Museum unveils new permanent exhibit

By Joseph Slacian

About a dozen people were on hand Friday afternoon when officials from the Wabash County Historical Museum unveiled its new, permanent exhibit: “Faces of Change.”

The exhibit, located on the museum’s second floor, features 18 local individuals who have influenced change in rural America. It is sponsored by Midwest Eye Consultants in partnership with Indiana Humanities and the National Endowment for the Humanities.

The museum was awarded a grant to host a local program exploring themes from a traveling Smithsonian exhibit called “Crossroads: A Change in Rural America.” The grant allowed officials to design a local program based on the Smithsonian theme.

“We were able to design a program based on change in rural America, and we were able to put a Wabash County spin on it,” Museum President and CEO Mitch Figert said during the ceremony.

When compiling the exhibit, he said, museum officials wanted to incorporate residents from throughout Wabash County.

“We wanted people that influenced change throughout Wabash County and in a variety of ways,” Figert said. “They’re not all deceased. Some of these people are still influencing change today.”

Putting the exhibit together was at times easy, and at times “we thought we were cursed,” he joked, noting that finding information or items for the three-dimensional exhibits was at times difficult.

Figert also noted that many people from around Wabash County have influenced change in the area, and they will be featured later in the permanent, rotating exhibit.

“We’ll be taking things in and out,” he said.

The exhibit also is interactive, and museum visitors can answer various questions posed by the museum staff.
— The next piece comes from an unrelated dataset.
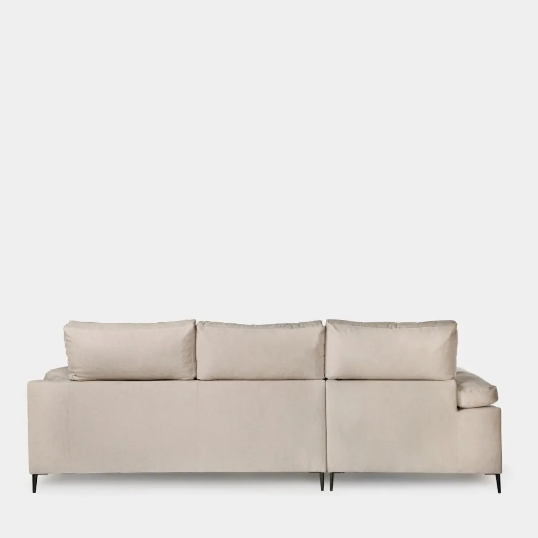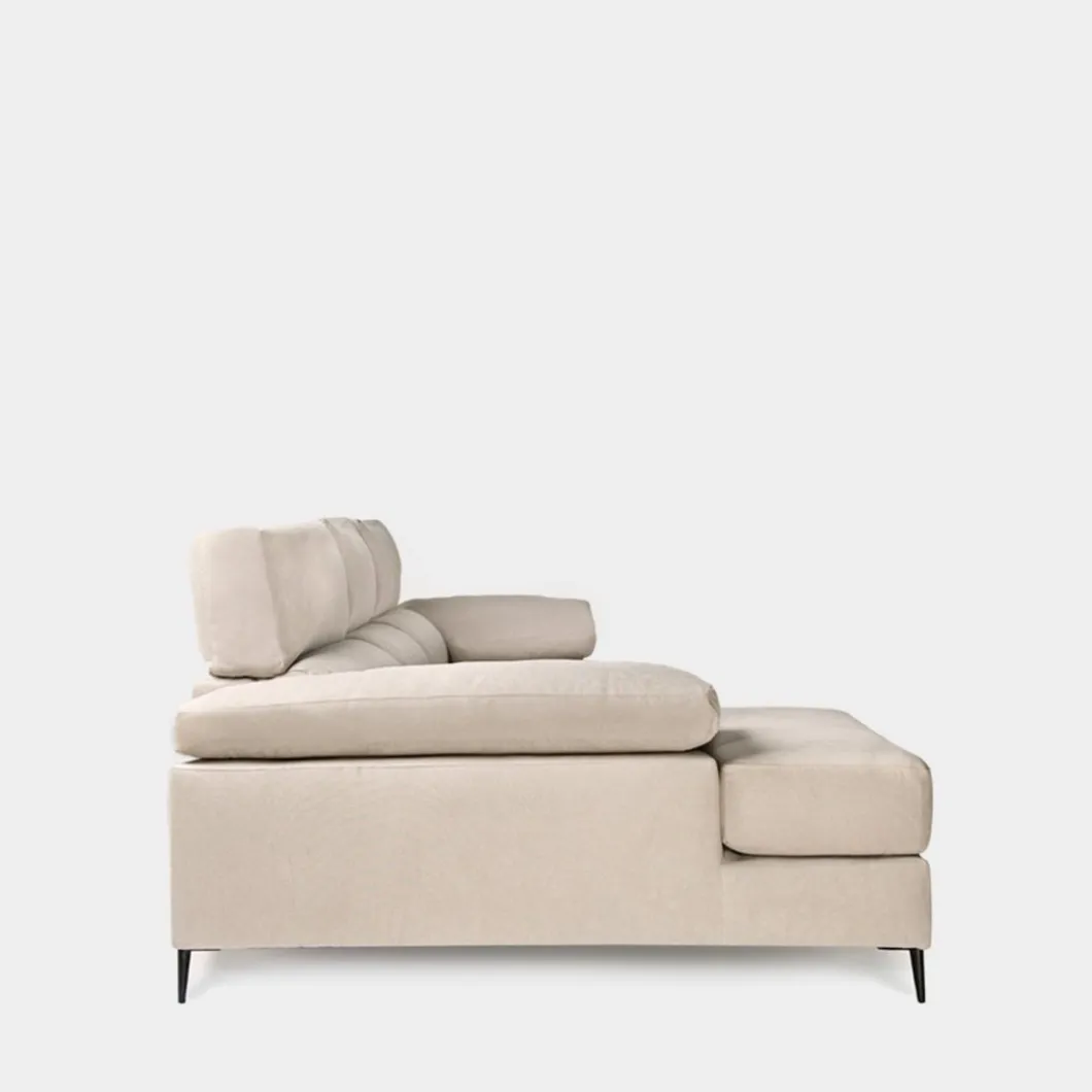 El sofá chaise longue tres plazas Keira en color beige será el protagonista indiscutible de tu salón. Es un sofá muy cómodo y completo ya que cuenta con cabezales reclinables, asientos deslizantes y tiene un arcón que te permitirá almacenar y tenerlo todo ordenado. También está disponible en color topo. La chaise longue, al mirar de frente el sofá, queda ubicada a la izquierda.

The current question is “What is your favorite exhibit in Wabash County?”

“We’ll collect that data and hold that,” he said. “It might be information that’s important to, say, Grow Wabash County.”
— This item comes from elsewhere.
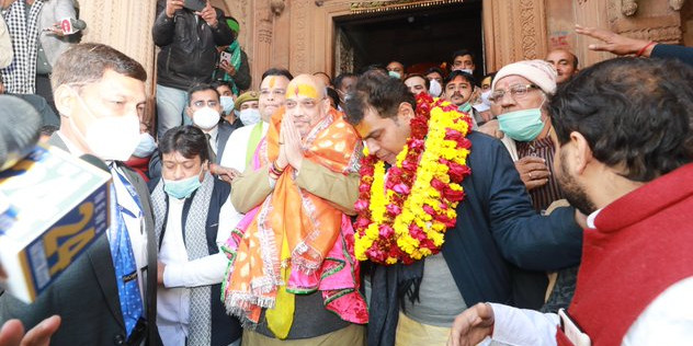 - 'वृंदावन पहुंचकर सबसे पहले बांके बिहारी मंदिर में पूजा-अर्चना की गई और आगे अमित शाह ने ब्रज क्षेत्र की समस्त जनता को हाथ जोड़कर धन्यवाद किया।'

Four questions also are featured with the exhibit, and visitors can answer them on forms provided by the museum.

Next spring, Figert added, a speaker series will take place to coincide with the exhibit.

Among those featured in the exhibit is Jim Ridenour, former director of the Indiana Department of Natural Resources before becoming director of the National Park Service under President George H. W. Bush’s administration.

“It’s really neat,” Ridenour said of the exhibit. “I’ve been kind of concerned about what’s going to happen to all this stuff that shows what my life has been like. My kids live in California. Wabash is where I grew up. Wabash is my home. If my kids want to see my stuff they can come to Wabash.

“I think the museum is doing a great job with it. The display looks great.”

Indiana Humanities representative Megan Telligman also was on hand for the unveiling.

“I think Mitch and his team have done a beautiful job finding these exemplary figures that have changed the community for the better,” she said. “It’s truly inspirational to see all these stories laid out.”